Capillary refill time (CRT) is a useful and rapid metric in determining the intravascular volume status of ill patients, particularly those with conditions that arise or result from hypovolemia. Examples of these pathologic states include but are not limited to: hypo and hyperthermia, all forms of shock, hemorrhage, loss of plasma volume in burns, gastrointestinal losses through diarrhea or vomiting, over-diuresis, and anaphylactic reactions . Information obtained from CRT assessment can then be used to guide fluid resuscitation strategies, reassess an implemented therapy, and define the endpoint of treatment. Volume status can also be assessed via an assortment of other clinical exams and objective measurements. Briefly, markers of reduced perfusion include abnormal vital signs (hypotension, tachycardia, increased pulse pressure variation), deranged physical exam findings (delayed CRT, dry mucous membranes, poor skin turgor, absence of diaphoresis, altered mental status). More objective indicators of hypovolemia include laboratory abnormalities (increased BUN, increased creatinine, increasing lactate, fluctuating hemoglobin levels, increased urine specific gravity, presence of oliguria/anuria) and radiographic derangements (increased collapsibility of the IVC on ultrasound, reduced cardiac chamber diameters on ultrasound or CT, changes in transpulmonary thermodilution)  . While accurate assessment of intravascular volume status is best accomplished through a combination of these methods, this article will focus specifically on the measurement of capillary refill time and it’s growing application in guiding medical diagnosis and subsequent management.

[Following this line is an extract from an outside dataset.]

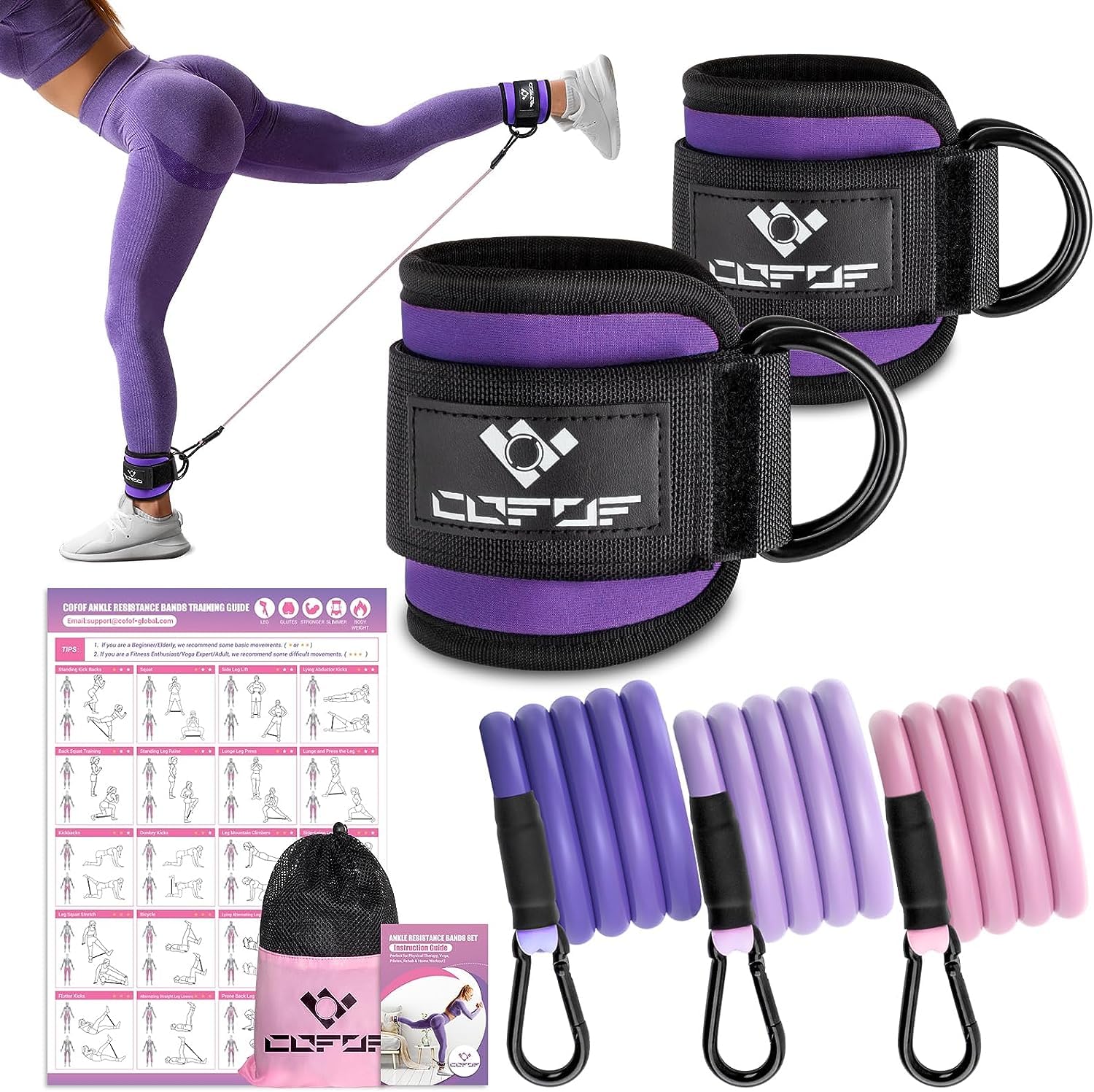 • [COFOF ANKLE RESISTANCE BANDS] We are always committed to allowing buyers to buy high-quality products while enjoying perfect services. Our Ankle Resistance Band Kit includes 2 Ankle Straps, 3 100% Natural Latex Bands, 1 Instruction Guide, 1 Training Posters and 1 Mesh Carry Bag. If you have any questions, please feel free to contact us.

Capillary refill time is a physical exam technique that provides clinicians with a simple, reliable, and quick way of determining the adequacy of peripheral perfusion in both adults and children   . Though CRT is subject to examiner variability as discussed in the next section, standardization is defined here by its original introduction in 1947 by Beecher et al. The performing examiner applies manual pressure to the ventral surface of the distal phalanx of fingers or toes until the nailbed is blanched. This pressure is maintained for ten seconds and then released. The amount of time, in seconds, that transpires before reperfusion occurs and normal color returns to the digit is the CRT . The upper limit of normal for time to reperfusion is less than 3 seconds . Reassessment of CRT should depend on the clinical scenario but for critically ill persons can be performed as frequently as every 30 minutes 
It should be acknowledged that the validity of CRT results may be affected by a multitude of factors including differences in ambient conditions, patient age, skin pigmentation, presence of nail polish or artificial nails, and is even subject to intraobserver and interobserver reliability [. One study conducted in an urban pediatric emergency department examined the effect of room temperature on CRT in mildly ill but well-hydrated patients aged one month to 12 years and fount a statistically significant difference (0.85 +/- 0.45 seconds in the warm room vs. 2.39 +/- 0.76 seconds in the cool room, 95% CI, P < .001) . Another study found that CRT was roughly three times more likely to be reported as normal in daylight conditions when compared to a dark room (94.2% vs. 37.1%, respectively) . A prospective observational study in 1,000 ED patients found that CRT increased 3.3% every decade of life, baseline CRT was lower in males, and that interpretation of CRT as normal or abnormal differed among clinicians . Specific guidelines to standardize the setting of CRT do not currently exist. As such, healthcare providers must be aware of potentially confounding elements and their implications especially in the setting of treating patients in dissimilar circumstances, austere environments (paramedics, wilderness first responders), or in anormothermia. Newer methods to increase reliability have been proposed including the use of photoplethysmography and fiberoptic force sensors .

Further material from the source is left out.